Hulman & Co. CEO Mark Miles is revving up an ambitious plan to overhaul the IndyCar Series and Indianapolis Motor Speedway management team. He wants to develop a revenue-sharing plan that assures the series and the tracks that host its races are motivated to roll in the same direction.
Miles said his first order of business is finding someone to replace Randy Bernard as IndyCar Series CEO. Bernard was fired following last season—before Miles took his post in December.
Instead of merely naming a replacement, Miles intends to create a new position, CEO of Hulman Racing, to oversee both the series and IMS. The new position could be occupied by two people, Miles said.
“We could have one overseeing competition and one overseeing the commercial side,” he said.

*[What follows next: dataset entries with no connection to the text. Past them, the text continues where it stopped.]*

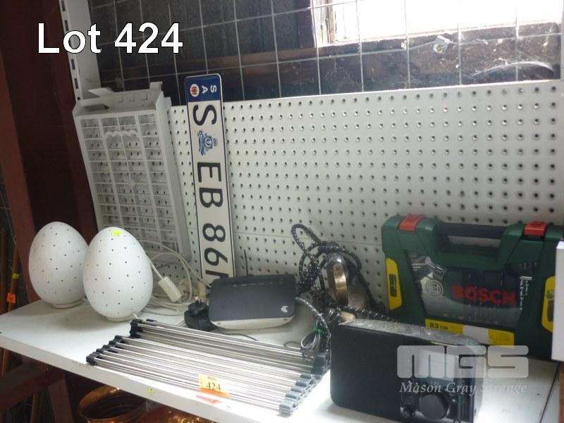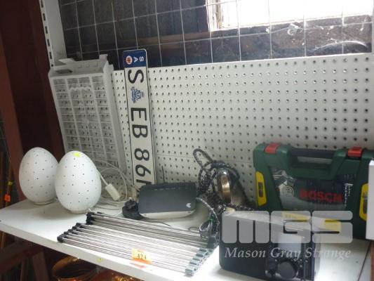 PAIR TABLE LAMPS, VINTAGE IRON, BOSCH TOOL KIT, CLOCK RADIO ETC
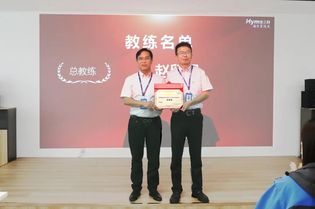 為更好地助力學員學習轉化,本次訓練營特選定5位教練全程陪伴賦能。他們分別是:總教練—江蘇海目星副總經(jīng)理趙留強;專業(yè)教練—LEBG第二事業(yè)部華東供應鏈李文標、李文良、李瑞,光伏事業(yè)群廖雪飛。周總、楊總分別為5位教練頒發(fā)聘書。一紙聘書代表的是一份責任,教練們將在后期的學習中全力給予指導與支持。
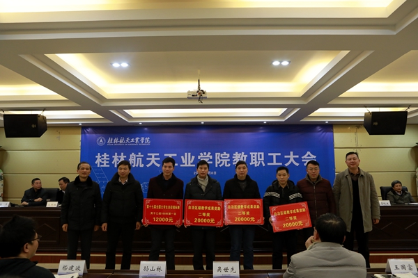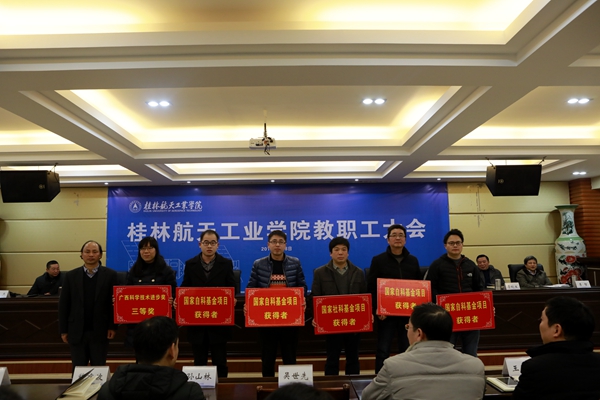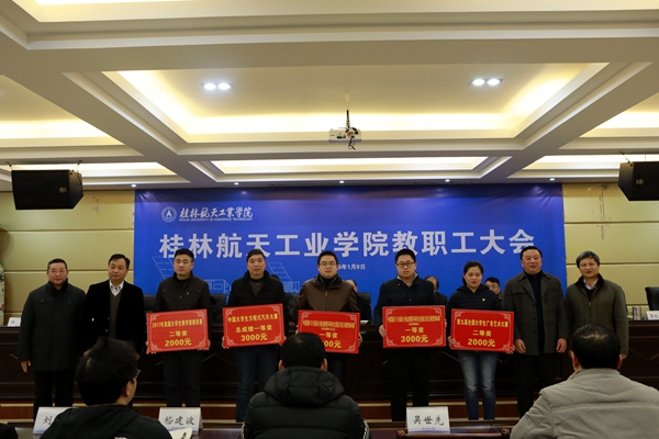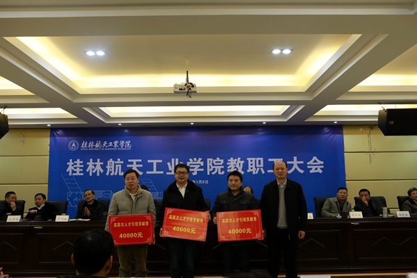 党委书记李幼平作重要讲话,他说,2017年学校在教学、科研方面取得了一系列优异的成绩,从数据分析,国家级自治区级项目的主持人基本由学校高层次人才构成,学校的发展,离不开高层次人才,离不开博士教授,学校将进一步采取措施,加大投入来推动人才队伍的建设工作;学校在2017年共建工作中,与武汉理工大学签订了对口支持与合作协议,在best365官网设立了武汉理工大学硕士研究生联合培养基地,并聘请best365官网12名教授担任该校的硕士生导师,在与桂林电子科技大学的合作上也取得重要进展。新校区的建设和资金筹措工作稳步开展,8000平米的新校区球类运动场都已投入使用,总面积达4万平米的学生公寓楼和留学生公寓楼已经开工建设;在航天特色文化建设工作中,best365官网将“航天精神筑魂、航天文化育人”作为学校文化建设的理念,大力开展航天文化传承创新方面的工作,密切与航天系统的联系,促进了人才培养和科研工作。
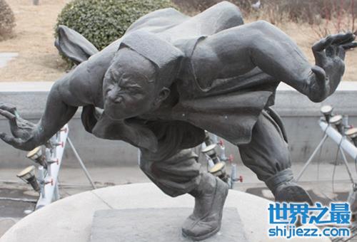 “胸前开石”就是用两条板凳相距三四尺远,后胸枕在一条板凳上,两脚放置在另一条板凳上,将一石磨盘于胸上,一人用铁锤猛击磨盘,直至磨盘被击碎,人还躺在那里。沈三长的体魄健壮,武艺高强,沈三的摔跤也都被人称道。

Miles interviewed a candidate for the job in Miami on March 26, but wouldn’t identify the person. Nor would he tip his hand on any of the other finalists.

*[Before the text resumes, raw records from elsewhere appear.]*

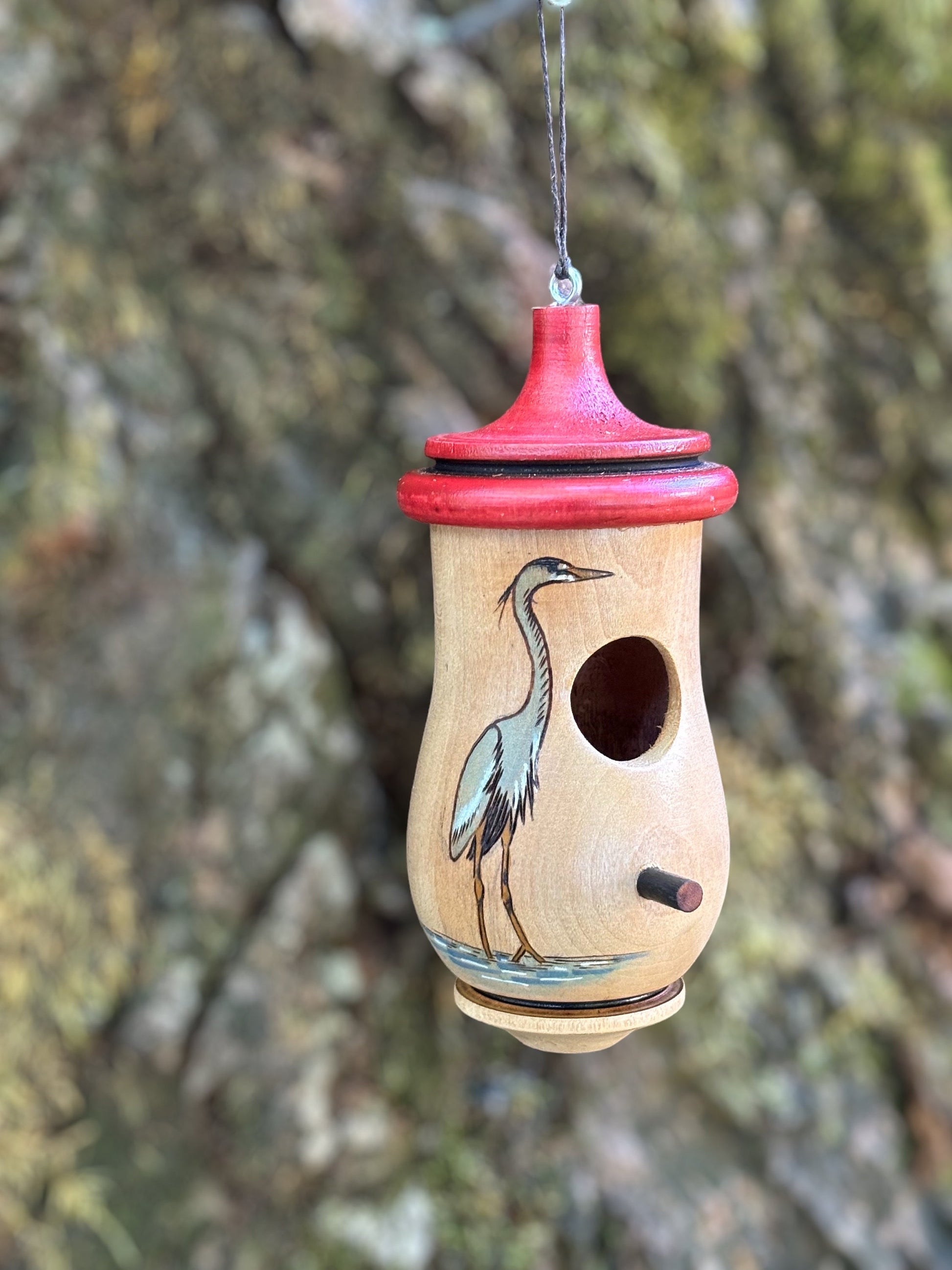 Hummingbird House, Great Blue Heron Art, Handmade Wooden Birdhouse for Indoor/Outdoor, Bird Lovers Gift, Christmas Gift for Streams Rivers
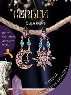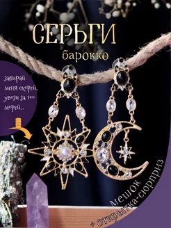 Серьги ассиметричные крупные солнце луна в стиле барокко
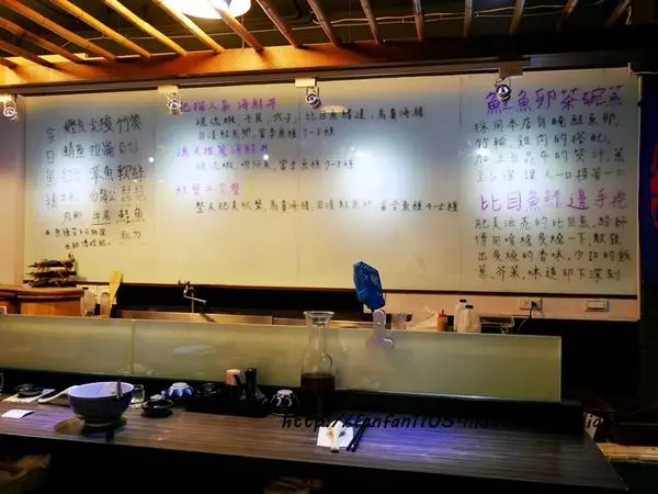 在吧台區這邊店家會把今日所進的魚種都寫在白板上,每天供應的魚種不一定相同,還有不少我都沒看過的魚種呢

“There are three or four people I can see fitting the bill if we consolidate the position,” Miles said. “And if we split it, there are three people I see that could fill the role on the competition side and a growing number of people I could see leading the commercial side.”
Those candidates, he added, are all from outside the company. But it is still possible the new CEO could come from within.
Miles hopes to decide on the structure of his management staff by late April and hire a CEO or CEOs by the time the green flag drops on the Indianapolis 500 May 26, “at the latest.”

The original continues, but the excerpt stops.